Data supplied Block Start

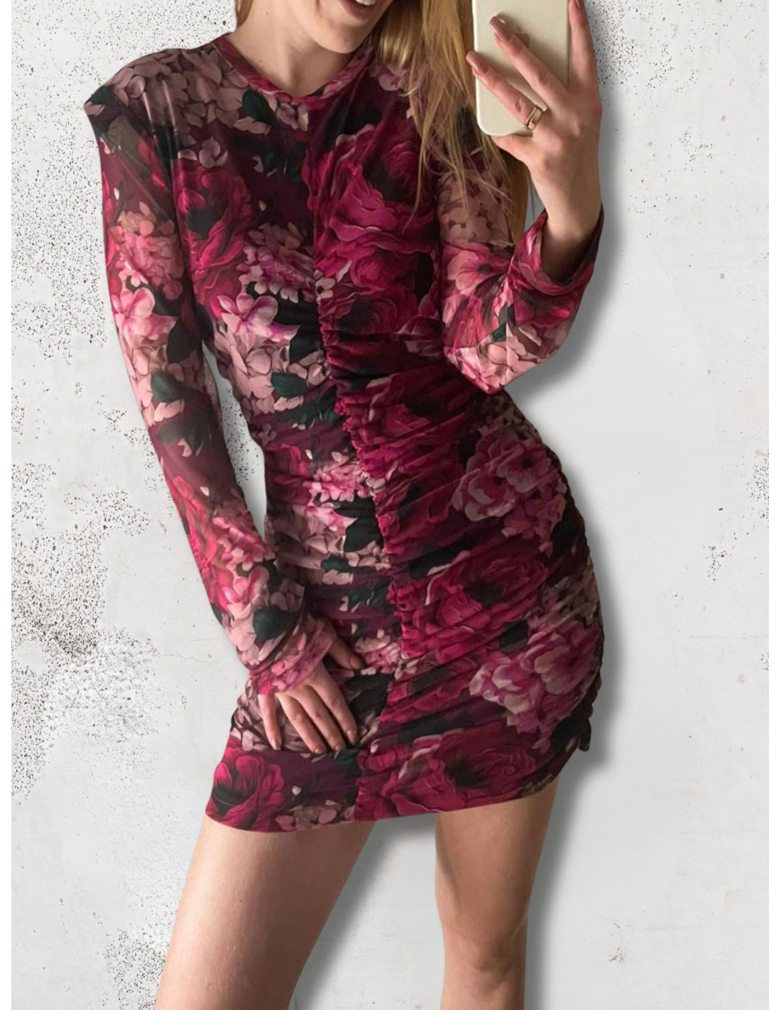 WP sukienka mini z siateczki w kwiaty - bordowa
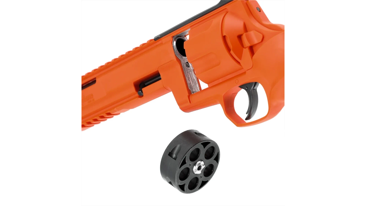Inteligentne zasilanie CO2. Rewolwer zasilany jest standardową kapsułą CO2 12 g, montowaną w rękojeści. W przeciwieństwie do klasycznych replik pneumatycznych, kapsułę można przenosić przez długi czas bez aktywacji. Wystarczy uderzyć w wystające pokrętło, aby błyskawicznie przebić kapsułę i natychmiast przygotować broń do strzału. Dzięki temu użytkownik ma pewność, że w sytuacji zagrożenia rewolwer będzie gotowy do działania z pełną mocą.
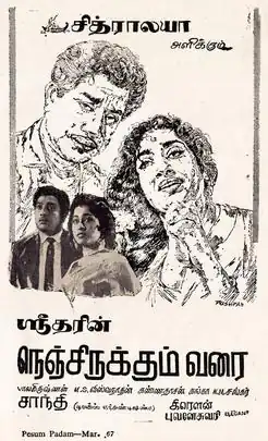 Nenjirukkum Varai (transl. As long as there is a heart) is a 1967 Indian Tamil-language film, directed and produced by C. V. Sridhar. The film stars Sivaji Ganesan, Muthuraman, Gopalakrishnan, K. R. Vijaya and Geetanjali. It revolves around a man struggling with poverty, falling in love with his house owner's daughter.
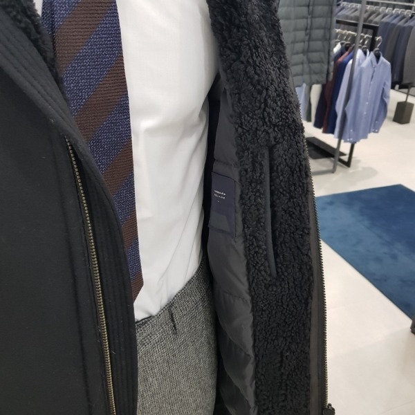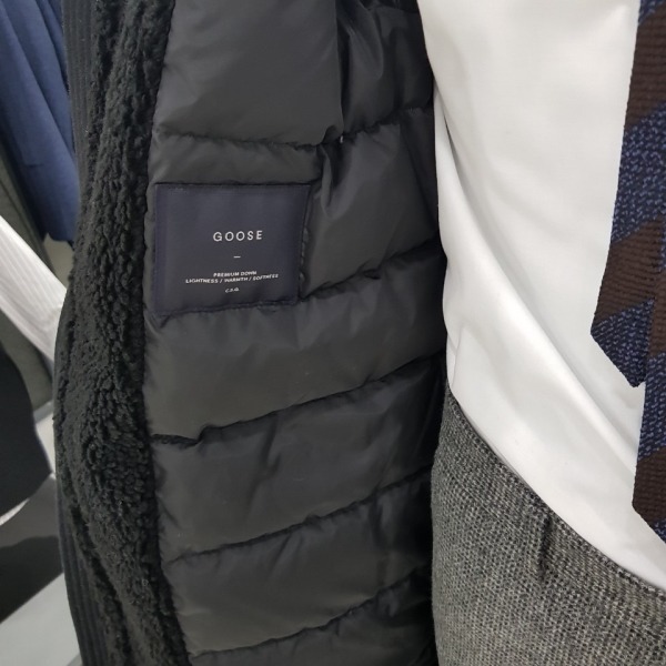 17FW 신상품이며 천연 양털카라와 가벼운 본딩소재로 구스다운 코트입니다^^
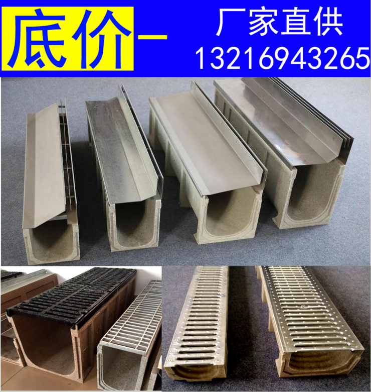 Finished Linear Drainage Ditch Stainless Steel Slit Type Grilles Drain Tank U Type Aqueduct Resin Concrete Drainage Ditch
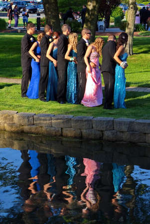Plainville, CT USA. June 2013. A nice water reflection of the high school Class of 2013 in formal prom attire posing for the photographer.
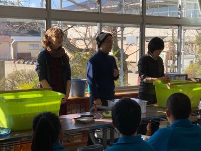 説明していただいた平山さんご夫妻、お手伝いいただいたシルビアさん、ありがとうございました。また、来月は実際の紙漉き(かみすき)でお世話になります!
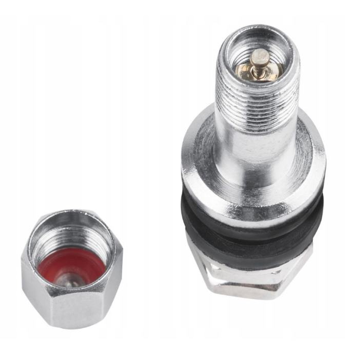 kromirani ventili kotača ukusan su dodatak obruču svakog motocikladugačka kromirana kapica u potpunosti prekriva dio ventila vidljiv izvana, zbog čega cijela stvar izgleda vrlo elegantnokromirani ventili su cjelovit proizvod - pored ventila nalazi se i kapica s dodatnom brtvomventil je pričvršćen vijcima i dodatno zabrtvljen plastičnom podloškomTehnički podaci: duljina: 43 mmveličina otvora: 11,3 mmširina: 14 mmprimjena: kotači motocikla]]>
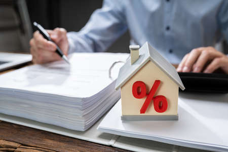 Property interest rate,finance loan increase.investment planning.business real estate.profit of banking.economy crisis effect of coronavirus outbreak.expenses of worker.top view
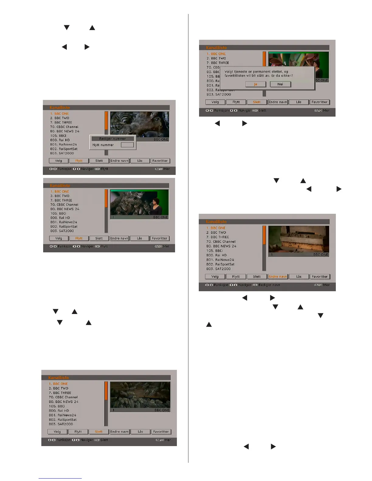 kanalen ved å trykke “ ” og “ ” . Marker
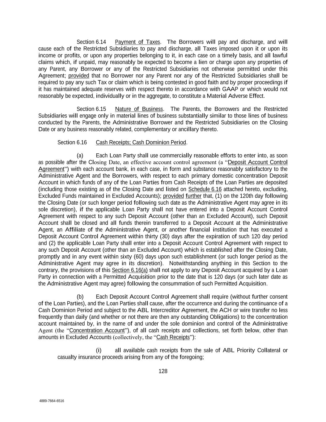 128 4889-7664-6516 Section 6.14 Payment of Taxes. The Borrowers will pay and discharge, and will cause each of the Restricted Subsidiaries to pay and discharge, all Taxes imposed upon it or upon its income or profits, or upon any properties belonging to it, in each case on a timely basis, and all lawful claims which, if unpaid, may reasonably be expected to become a lien or charge upon any properties of any Parent, any Borrower or any of the Restricted Subsidiaries not otherwise permitted under this Agreement; provided that no Borrower nor any Parent nor any of the Restricted Subsidiaries shall be required to pay any such Tax or claim which is being contested in good faith and by proper proceedings if it has maintained adequate reserves with respect thereto in accordance with GAAP or which would not reasonably be expected, individually or in the aggregate, to constitute a Material Adverse Effect. Section 6.15 Nature of Business. The Parents, the Borrowers and the Restricted Subsidiaries will engage only in material lines of business substantially similar to those lines of business conducted by the Parents, the Administrative Borrower and the Restricted Subsidiaries on the Closing Date or any business reasonably related, complementary or ancillary thereto. Section 6.16 Cash Receipts; Cash Dominion Period. (a) Each Loan Party shall use commercially reasonable efforts to enter into, as soon as possible after the Closing Date, an effective account control agreement (a “Deposit Account Control Agreement”) with each account bank, in each case, in form and substance reasonably satisfactory to the Administrative Agent and the Borrowers, with respect to each primary domestic concentration Deposit Account in which funds of any of the Loan Parties from Cash Receipts of the Loan Parties are deposited (including those existing as of the Closing Date and listed on Schedule 6.16 attached hereto, excluding, Excluded Funds maintained in Excluded Accounts); provided further that, (1) on the 120th day following the Closing Date (or such longer period following such date as the Administrative Agent may agree in its sole discretion), if the applicable Loan Party shall not have entered into a Deposit Account Control Agreement with respect to any such Deposit Account (other than an Excluded Account), such Deposit Account shall be closed and all funds therein transferred to a Deposit Account at the Administrative Agent, an Affiliate of the Administrative Agent, or another financial institution that has executed a Deposit Account Control Agreement within thirty (30) days after the expiration of such 120 day period and (2) the applicable Loan Party shall enter into a Deposit Account Control Agreement with respect to any such Deposit Account (other than an Excluded Account) which is established after the Closing Date, promptly and in any event within sixty (60) days upon such establishment (or such longer period as the Administrative Agent may agree in its discretion). Notwithstanding anything in this Section to the contrary, the provisions of this Section 6.16(a) shall not apply to any Deposit Account acquired by a Loan Party in connection with a Permitted Acquisition prior to the date that is 120 days (or such later date as the Administrative Agent may agree) following the consummation of such Permitted Acquisition. (b) Each Deposit Account Control Agreement shall require (without further consent of the Loan Parties), and the Loan Parties shall cause, after the occurrence and during the continuance of a Cash Dominion Period and subject to the ABL Intercreditor Agreement, the ACH or wire transfer no less frequently than daily (and whether or not there are then any outstanding Obligations) to the concentration account maintained by, in the name of and under the sole dominion and control of the Administrative Agent (the “Concentration Account”), of all cash receipts and collections, set forth below, other than amounts in Excluded Accounts (collectively, the “Cash Receipts”): (i) all available cash receipts from the sale of ABL Priority Collateral or casualty insurance proceeds arising from any of the foregoing;
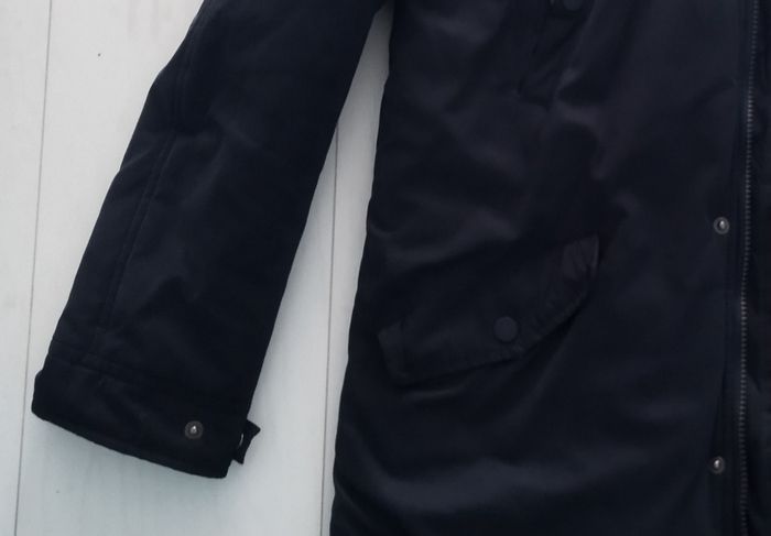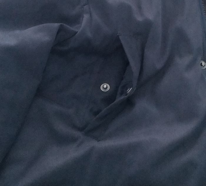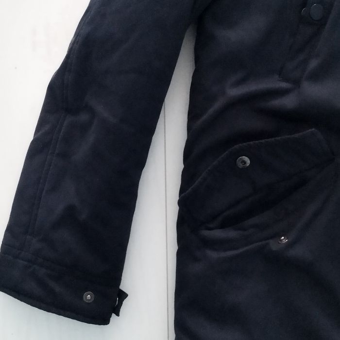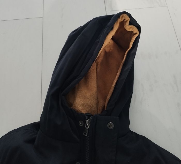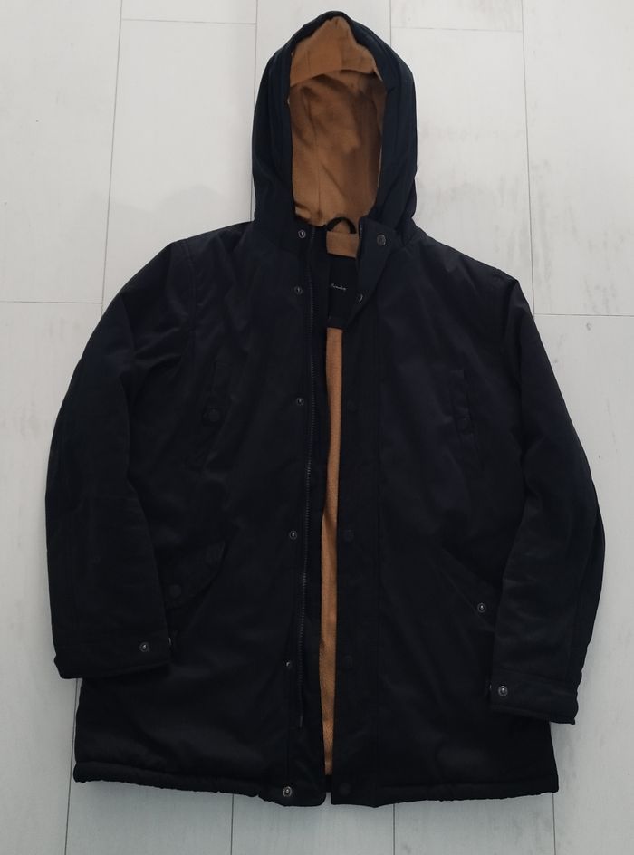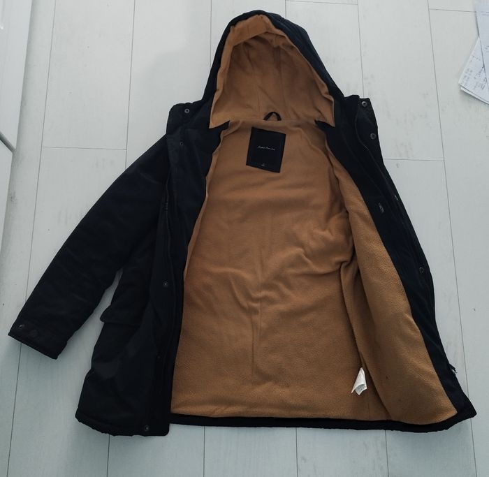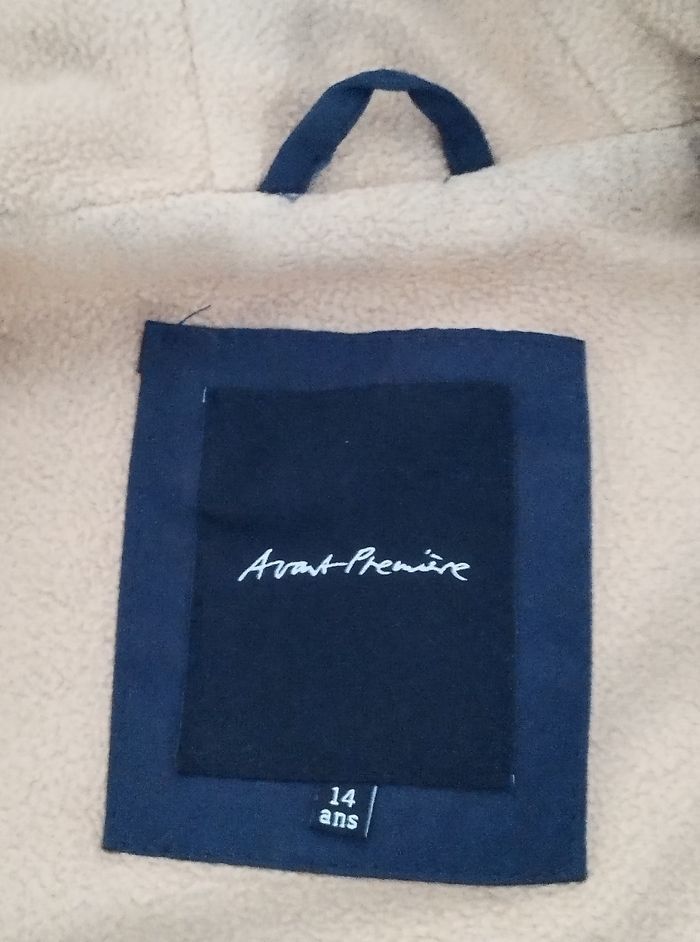 Capuche attenante, intérieur couleur moutarde, 2 poches latérales à boutons, marque avant première de chez Les galeries Lafayette

Data supplied Block End

◆ Work instruction: What you return must match the records exactly, apart from the images, which are omitted.

◆ Reply:
 WP sukienka mini z siateczki w kwiaty - bordowa
Inteligentne zasilanie CO2. Rewolwer zasilany jest standardową kapsułą CO2 12 g, montowaną w rękojeści. W przeciwieństwie do klasycznych replik pneumatycznych, kapsułę można przenosić przez długi czas bez aktywacji. Wystarczy uderzyć w wystające pokrętło, aby błyskawicznie przebić kapsułę i natychmiast przygotować broń do strzału. Dzięki temu użytkownik ma pewność, że w sytuacji zagrożenia rewolwer będzie gotowy do działania z pełną mocą.
 Nenjirukkum Varai (transl. As long as there is a heart) is a 1967 Indian Tamil-language film, directed and produced by C. V. Sridhar. The film stars Sivaji Ganesan, Muthuraman, Gopalakrishnan, K. R. Vijaya and Geetanjali. It revolves around a man struggling with poverty, falling in love with his house owner's daughter.
 17FW 신상품이며 천연 양털카라와 가벼운 본딩소재로 구스다운 코트입니다^^
 Finished Linear Drainage Ditch Stainless Steel Slit Type Grilles Drain Tank U Type Aqueduct Resin Concrete Drainage Ditch
Plainville, CT USA. June 2013. A nice water reflection of the high school Class of 2013 in formal prom attire posing for the photographer.
 説明していただいた平山さんご夫妻、お手伝いいただいたシルビアさん、ありがとうございました。また、来月は実際の紙漉き(かみすき)でお世話になります!
 kromirani ventili kotača ukusan su dodatak obruču svakog motocikladugačka kromirana kapica u potpunosti prekriva dio ventila vidljiv izvana, zbog čega cijela stvar izgleda vrlo elegantnokromirani ventili su cjelovit proizvod - pored ventila nalazi se i kapica s dodatnom brtvomventil je pričvršćen vijcima i dodatno zabrtvljen plastičnom podloškomTehnički podaci: duljina: 43 mmveličina otvora: 11,3 mmširina: 14 mmprimjena: kotači motocikla]]>
 Property interest rate,finance loan increase.investment planning.business real estate.profit of banking.economy crisis effect of coronavirus outbreak.expenses of worker.top view
 kanalen ved å trykke “ ” og “ ” . Marker
 128 4889-7664-6516 Section 6.14 Payment of Taxes. The Borrowers will pay and discharge, and will cause each of the Restricted Subsidiaries to pay and discharge, all Taxes imposed upon it or upon its income or profits, or upon any properties belonging to it, in each case on a timely basis, and all lawful claims which, if unpaid, may reasonably be expected to become a lien or charge upon any properties of any Parent, any Borrower or any of the Restricted Subsidiaries not otherwise permitted under this Agreement; provided that no Borrower nor any Parent nor any of the Restricted Subsidiaries shall be required to pay any such Tax or claim which is being contested in good faith and by proper proceedings if it has maintained adequate reserves with respect thereto in accordance with GAAP or which would not reasonably be expected, individually or in the aggregate, to constitute a Material Adverse Effect. Section 6.15 Nature of Business. The Parents, the Borrowers and the Restricted Subsidiaries will engage only in material lines of business substantially similar to those lines of business conducted by the Parents, the Administrative Borrower and the Restricted Subsidiaries on the Closing Date or any business reasonably related, complementary or ancillary thereto. Section 6.16 Cash Receipts; Cash Dominion Period. (a) Each Loan Party shall use commercially reasonable efforts to enter into, as soon as possible after the Closing Date, an effective account control agreement (a “Deposit Account Control Agreement”) with each account bank, in each case, in form and substance reasonably satisfactory to the Administrative Agent and the Borrowers, with respect to each primary domestic concentration Deposit Account in which funds of any of the Loan Parties from Cash Receipts of the Loan Parties are deposited (including those existing as of the Closing Date and listed on Schedule 6.16 attached hereto, excluding, Excluded Funds maintained in Excluded Accounts); provided further that, (1) on the 120th day following the Closing Date (or such longer period following such date as the Administrative Agent may agree in its sole discretion), if the applicable Loan Party shall not have entered into a Deposit Account Control Agreement with respect to any such Deposit Account (other than an Excluded Account), such Deposit Account shall be closed and all funds therein transferred to a Deposit Account at the Administrative Agent, an Affiliate of the Administrative Agent, or another financial institution that has executed a Deposit Account Control Agreement within thirty (30) days after the expiration of such 120 day period and (2) the applicable Loan Party shall enter into a Deposit Account Control Agreement with respect to any such Deposit Account (other than an Excluded Account) which is established after the Closing Date, promptly and in any event within sixty (60) days upon such establishment (or such longer period as the Administrative Agent may agree in its discretion). Notwithstanding anything in this Section to the contrary, the provisions of this Section 6.16(a) shall not apply to any Deposit Account acquired by a Loan Party in connection with a Permitted Acquisition prior to the date that is 120 days (or such later date as the Administrative Agent may agree) following the consummation of such Permitted Acquisition. (b) Each Deposit Account Control Agreement shall require (without further consent of the Loan Parties), and the Loan Parties shall cause, after the occurrence and during the continuance of a Cash Dominion Period and subject to the ABL Intercreditor Agreement, the ACH or wire transfer no less frequently than daily (and whether or not there are then any outstanding Obligations) to the concentration account maintained by, in the name of and under the sole dominion and control of the Administrative Agent (the “Concentration Account”), of all cash receipts and collections, set forth below, other than amounts in Excluded Accounts (collectively, the “Cash Receipts”): (i) all available cash receipts from the sale of ABL Priority Collateral or casualty insurance proceeds arising from any of the foregoing;
 Capuche attenante, intérieur couleur moutarde, 2 poches latérales à boutons, marque avant première de chez Les galeries Lafayette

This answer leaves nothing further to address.